2) Singapore's unique neighborhood center model and high service costs are the basis for the survival of the neighborhood supermarket model. It's difficult for other countries to replicate this model. Investors should not just copy blindly. The supermarket models that can survive in the USA and Singapore are completely different species.
3) Still maintaining steady growth. The pace of new stores is not fast, after all, land is scarce in Singapore. The undeveloped areas are becoming less and less, but there are still HDBs, commercial centers, and neighborhood centers being continuously developed. Although the increase in this part is not substantial each year, it is still a significant increment that cannot be overlooked.
4) A reliable and stable management team.
Is the company a good company, but is it cheap now?
2)新加坡特有的邻里中心的模式和高服务成本,是邻里中心超市模式生存的基础。其他国家难以复制这种模式。投资者也不要生搬硬套。在美国能生存的好的超市模式和新加坡的超市模式那完全是两个物种。
Confused myself, the head of the confused family fund. Good at layout of global high-quality assets, good at buying at low levels, holding high-quality assets for long-term gains.
Confused likes to blow the whistle at low levels, especially when high-quality targets are neglected. Earlier the opportunities of S-reits were introduced, and there has been a wave of market trends in August. What are the other good opportunities to come?
Yes! It's right next to you, the supermarket at your doorstep that you visit every week - Sheng Siong.
Let's quickly understand Sheng Siong from the aspects of quality and current valuation:
1. Sheng Siong itself has good quality:
The current P/E ratio of Shengsong is approximately 16, with a dividend yield of 4%.

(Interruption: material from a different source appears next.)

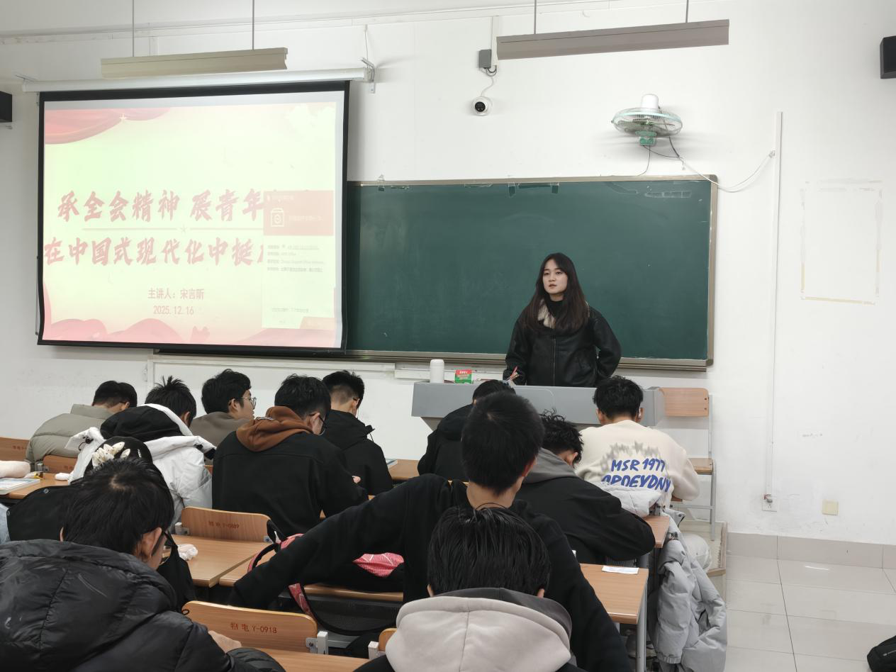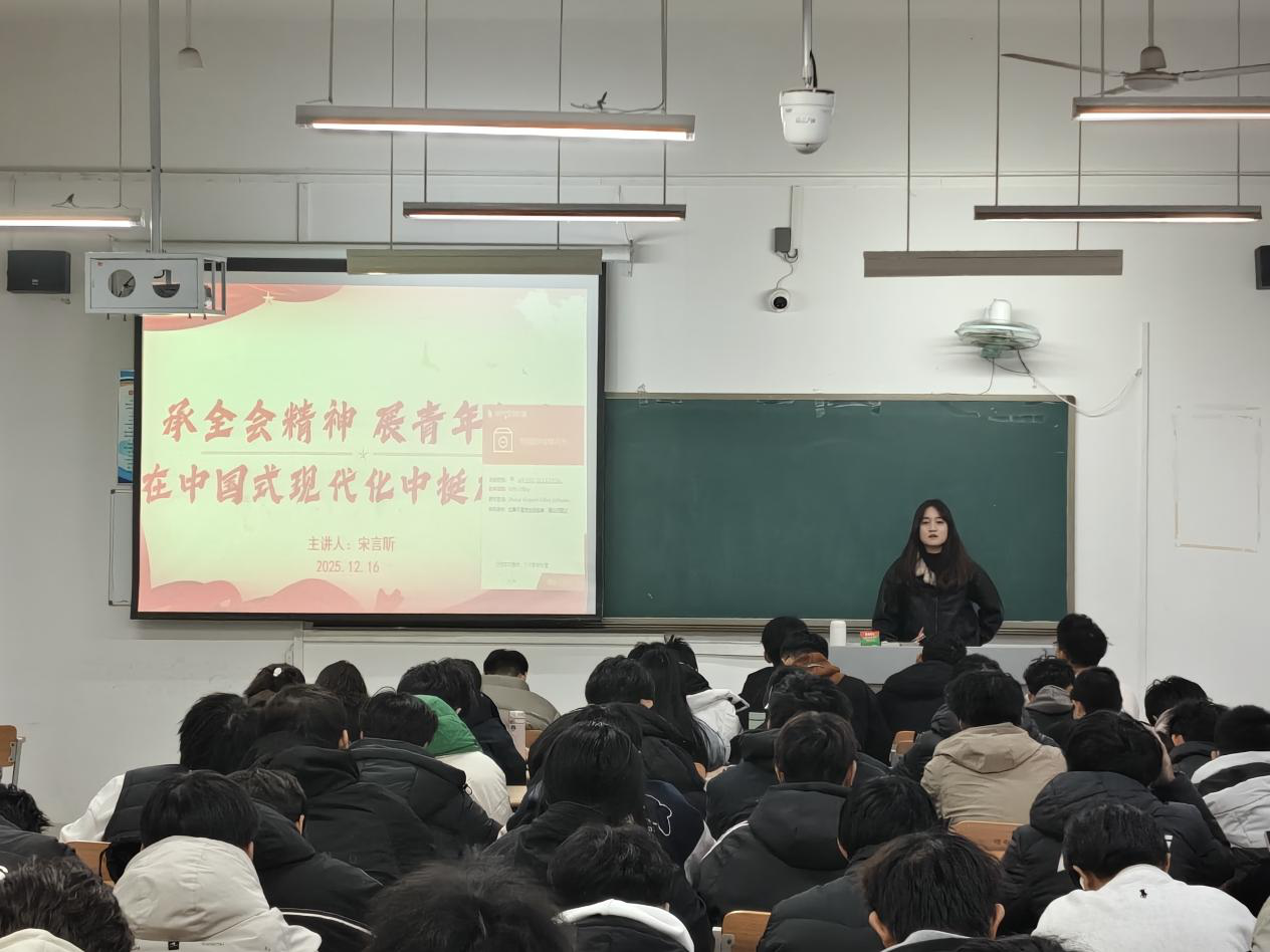 12月16日,辅导员宋言昕以“承全会精神、展青年担当 在中国式现代化中挺膺前行”为题,向2024级学生开展主题宣讲。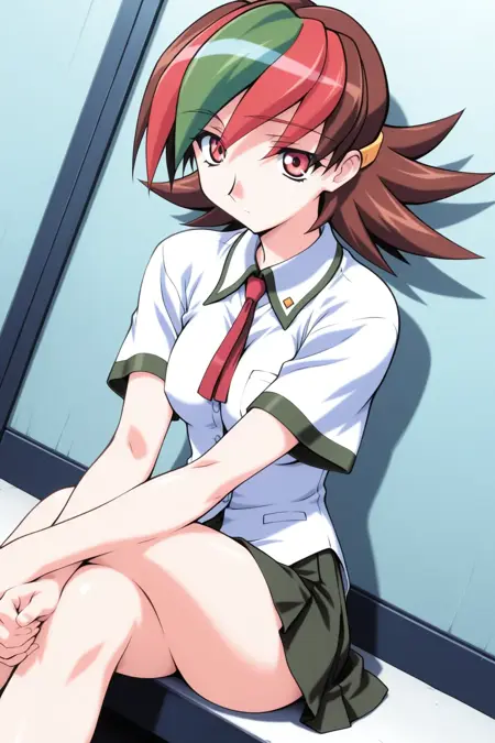 The correct order of the hair is red! green! red! but I can't seem to recreate it properly...

2) Singapore's unique neighborhood center model and high service costs are the basis for the survival of the neighborhood supermarket model. It's difficult for other countries to replicate this model. Investors should not just copy blindly. The supermarket models that can survive in the USA and Singapore are completely different species.
3) Still maintaining steady growth. The pace of new stores is not fast, after all, land is scarce in Singapore. The undeveloped areas are becoming less and less, but there are still HDBs, commercial centers, and neighborhood centers being continuously developed. Although the increase in this part is not substantial each year, it is still a significant increment that cannot be overlooked.
4) A reliable and stable management team.
Is the company a good company, but is it cheap now?
2)新加坡特有的邻里中心的模式和高服务成本,是邻里中心超市模式生存的基础。其他国家难以复制这种模式。投资者也不要生搬硬套。在美国能生存的好的超市模式和新加坡的超市模式那完全是两个物种。